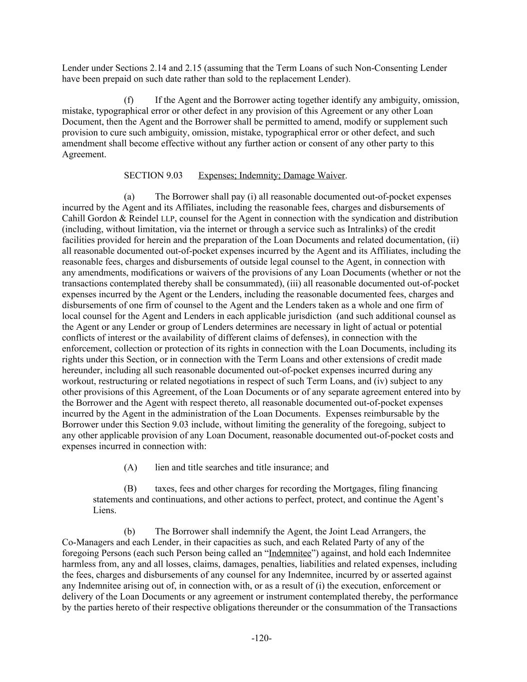 Lender under Sections 2.14 and 2.15 (assuming that the Term Loans of such Non-Consenting Lender have been prepaid on such date rather than sold to the replacement Lender). If the Agent and the Borrower acting together identify any ambiguity, omission,(f) mistake, typographical error or other defect in any provision of this Agreement or any other Loan Document, then the Agent and the Borrower shall be permitted to amend, modify or supplement such provision to cure such ambiguity, omission, mistake, typographical error or other defect, and such amendment shall become effective without any further action or consent of any other party to this Agreement. Expenses; Indemnity; Damage Waiver.SECTION 9.03 The Borrower shall pay (i) all reasonable documented out-of-pocket expenses(a) incurred by the Agent and its Affiliates, including the reasonable fees, charges and disbursements of Cahill Gordon & Reindel LLP, counsel for the Agent in connection with the syndication and distribution (including, without limitation, via the internet or through a service such as Intralinks) of the credit facilities provided for herein and the preparation of the Loan Documents and related documentation, (ii) all reasonable documented out-of-pocket expenses incurred by the Agent and its Affiliates, including the reasonable fees, charges and disbursements of outside legal counsel to the Agent, in connection with any amendments, modifications or waivers of the provisions of any Loan Documents (whether or not the transactions contemplated thereby shall be consummated), (iii) all reasonable documented out-of-pocket expenses incurred by the Agent or the Lenders, including the reasonable documented fees, charges and disbursements of one firm of counsel to the Agent and the Lenders taken as a whole and one firm of local counsel for the Agent and Lenders in each applicable jurisdiction (and such additional counsel as the Agent or any Lender or group of Lenders determines are necessary in light of actual or potential conflicts of interest or the availability of different claims of defenses), in connection with the enforcement, collection or protection of its rights in connection with the Loan Documents, including its rights under this Section, or in connection with the Term Loans and other extensions of credit made hereunder, including all such reasonable documented out-of-pocket expenses incurred during any workout, restructuring or related negotiations in respect of such Term Loans, and (iv) subject to any other provisions of this Agreement, of the Loan Documents or of any separate agreement entered into by the Borrower and the Agent with respect thereto, all reasonable documented out-of-pocket expenses incurred by the Agent in the administration of the Loan Documents. Expenses reimbursable by the Borrower under this Section 9.03 include, without limiting the generality of the foregoing, subject to any other applicable provision of any Loan Document, reasonable documented out-of-pocket costs and expenses incurred in connection with: lien and title searches and title insurance; and(A) taxes, fees and other charges for recording the Mortgages, filing financing(B) statements and continuations, and other actions to perfect, protect, and continue the Agent’s Liens. The Borrower shall indemnify the Agent, the Joint Lead Arrangers, the(b) Co-Managers and each Lender, in their capacities as such, and each Related Party of any of the foregoing Persons (each such Person being called an “Indemnitee”) against, and hold each Indemnitee harmless from, any and all losses, claims, damages, penalties, liabilities and related expenses, including the fees, charges and disbursements of any counsel for any Indemnitee, incurred by or asserted against any Indemnitee arising out of, in connection with, or as a result of (i) the execution, enforcement or delivery of the Loan Documents or any agreement or instrument contemplated thereby, the performance by the parties hereto of their respective obligations thereunder or the consummation of the Transactions -120-
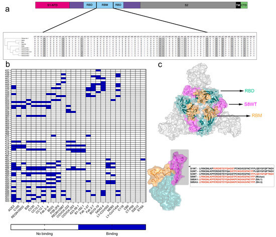 Structural organization of Spike protein and receptor-binding motif (RBM), phylogenetic analysis of VoCs, and interactions of nAbs with residues in RBM. (a) Organization of Spike protein domains and phylogenetic analysis of VoCs, highlighting mutations (yellow) in RBM. (b) Interactions of RBM residues (437–503) with ACE2 and human nAbs. (c) Tridimensional model of S protein trimer shows RBD (green), RBM (yellow), and synthetic peptide S8WT (magenta) comprising RBM tip portion.
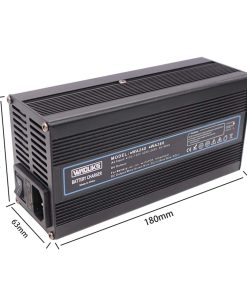 Especificación: Producto: Cargador de 48V 6A Modelo: WA360-4806B-RXV Dimensiones: 180x90x63mm Color/Material: Negro/Carcasa de Aluminio Conector de CC: Conector RXV de 3 Puntas Apto para tipo de batería: Batería de Plomo de 48V Entrada de CA: 100~120Vac, 50~60Hz Voltaje de Salida: 48 Voltios (55.2Volt) Corriente de Salida: 6 Amperios Voltaje Flotante: 58.8Volt Protección de la Batería: SCP, OVP, OCP, OTP Modo de Carga: Corriente Constante – Voltaje Constante – Carga Flotante: Carga Inteligente de Tres Etapas Eficiencia de Carga: 90% Temperatura de Funcionamiento: -5 ~ +40 Temperatura de Almacenamiento: -40 ~ +70 Cable de alimentación de CA, conector de CC se pueden personalizar. Instrucciones de Operación: 1. Antes de cargar, conecte primero el terminal de CC a la batería y luego conecte el terminal de CA. 2. Después de completar la carga, desconecte primero el terminal de CA y luego desconecte el terminal de CC. 3. No cargue o después de completar la carga, asegúrese de desconectar el terminal de CC y el terminal de CA. Indicador LED: LED 1 rojo: Encendido. LED 2 rojo: Batería cargándose. LED 2 parpadeante: La batería se cargará completamente pronto. LED 2 verde: La batería se ha cargado completamente. Paquete: 1 Cargador de 48V 6A 1 Cable de alimentación estándar de EE. UU. 1 Manual de Operación 2 Fusibles para reemplazo

● Work to be completed
Every line of the data above is to be set down exactly; the pictures are not.

● Answer below
 Lender under Sections 2.14 and 2.15 (assuming that the Term Loans of such Non-Consenting Lender have been prepaid on such date rather than sold to the replacement Lender). If the Agent and the Borrower acting together identify any ambiguity, omission,(f) mistake, typographical error or other defect in any provision of this Agreement or any other Loan Document, then the Agent and the Borrower shall be permitted to amend, modify or supplement such provision to cure such ambiguity, omission, mistake, typographical error or other defect, and such amendment shall become effective without any further action or consent of any other party to this Agreement. Expenses; Indemnity; Damage Waiver.SECTION 9.03 The Borrower shall pay (i) all reasonable documented out-of-pocket expenses(a) incurred by the Agent and its Affiliates, including the reasonable fees, charges and disbursements of Cahill Gordon & Reindel LLP, counsel for the Agent in connection with the syndication and distribution (including, without limitation, via the internet or through a service such as Intralinks) of the credit facilities provided for herein and the preparation of the Loan Documents and related documentation, (ii) all reasonable documented out-of-pocket expenses incurred by the Agent and its Affiliates, including the reasonable fees, charges and disbursements of outside legal counsel to the Agent, in connection with any amendments, modifications or waivers of the provisions of any Loan Documents (whether or not the transactions contemplated thereby shall be consummated), (iii) all reasonable documented out-of-pocket expenses incurred by the Agent or the Lenders, including the reasonable documented fees, charges and disbursements of one firm of counsel to the Agent and the Lenders taken as a whole and one firm of local counsel for the Agent and Lenders in each applicable jurisdiction (and such additional counsel as the Agent or any Lender or group of Lenders determines are necessary in light of actual or potential conflicts of interest or the availability of different claims of defenses), in connection with the enforcement, collection or protection of its rights in connection with the Loan Documents, including its rights under this Section, or in connection with the Term Loans and other extensions of credit made hereunder, including all such reasonable documented out-of-pocket expenses incurred during any workout, restructuring or related negotiations in respect of such Term Loans, and (iv) subject to any other provisions of this Agreement, of the Loan Documents or of any separate agreement entered into by the Borrower and the Agent with respect thereto, all reasonable documented out-of-pocket expenses incurred by the Agent in the administration of the Loan Documents. Expenses reimbursable by the Borrower under this Section 9.03 include, without limiting the generality of the foregoing, subject to any other applicable provision of any Loan Document, reasonable documented out-of-pocket costs and expenses incurred in connection with: lien and title searches and title insurance; and(A) taxes, fees and other charges for recording the Mortgages, filing financing(B) statements and continuations, and other actions to perfect, protect, and continue the Agent’s Liens. The Borrower shall indemnify the Agent, the Joint Lead Arrangers, the(b) Co-Managers and each Lender, in their capacities as such, and each Related Party of any of the foregoing Persons (each such Person being called an “Indemnitee”) against, and hold each Indemnitee harmless from, any and all losses, claims, damages, penalties, liabilities and related expenses, including the fees, charges and disbursements of any counsel for any Indemnitee, incurred by or asserted against any Indemnitee arising out of, in connection with, or as a result of (i) the execution, enforcement or delivery of the Loan Documents or any agreement or instrument contemplated thereby, the performance by the parties hereto of their respective obligations thereunder or the consummation of the Transactions -120-
 Structural organization of Spike protein and receptor-binding motif (RBM), phylogenetic analysis of VoCs, and interactions of nAbs with residues in RBM. (a) Organization of Spike protein domains and phylogenetic analysis of VoCs, highlighting mutations (yellow) in RBM. (b) Interactions of RBM residues (437–503) with ACE2 and human nAbs. (c) Tridimensional model of S protein trimer shows RBD (green), RBM (yellow), and synthetic peptide S8WT (magenta) comprising RBM tip portion.
 Especificación: Producto: Cargador de 48V 6A Modelo: WA360-4806B-RXV Dimensiones: 180x90x63mm Color/Material: Negro/Carcasa de Aluminio Conector de CC: Conector RXV de 3 Puntas Apto para tipo de batería: Batería de Plomo de 48V Entrada de CA: 100~120Vac, 50~60Hz Voltaje de Salida: 48 Voltios (55.2Volt) Corriente de Salida: 6 Amperios Voltaje Flotante: 58.8Volt Protección de la Batería: SCP, OVP, OCP, OTP Modo de Carga: Corriente Constante – Voltaje Constante – Carga Flotante: Carga Inteligente de Tres Etapas Eficiencia de Carga: 90% Temperatura de Funcionamiento: -5 ~ +40 Temperatura de Almacenamiento: -40 ~ +70 Cable de alimentación de CA, conector de CC se pueden personalizar. Instrucciones de Operación: 1. Antes de cargar, conecte primero el terminal de CC a la batería y luego conecte el terminal de CA. 2. Después de completar la carga, desconecte primero el terminal de CA y luego desconecte el terminal de CC. 3. No cargue o después de completar la carga, asegúrese de desconectar el terminal de CC y el terminal de CA. Indicador LED: LED 1 rojo: Encendido. LED 2 rojo: Batería cargándose. LED 2 parpadeante: La batería se cargará completamente pronto. LED 2 verde: La batería se ha cargado completamente. Paquete: 1 Cargador de 48V 6A 1 Cable de alimentación estándar de EE. UU. 1 Manual de Operación 2 Fusibles para reemplazo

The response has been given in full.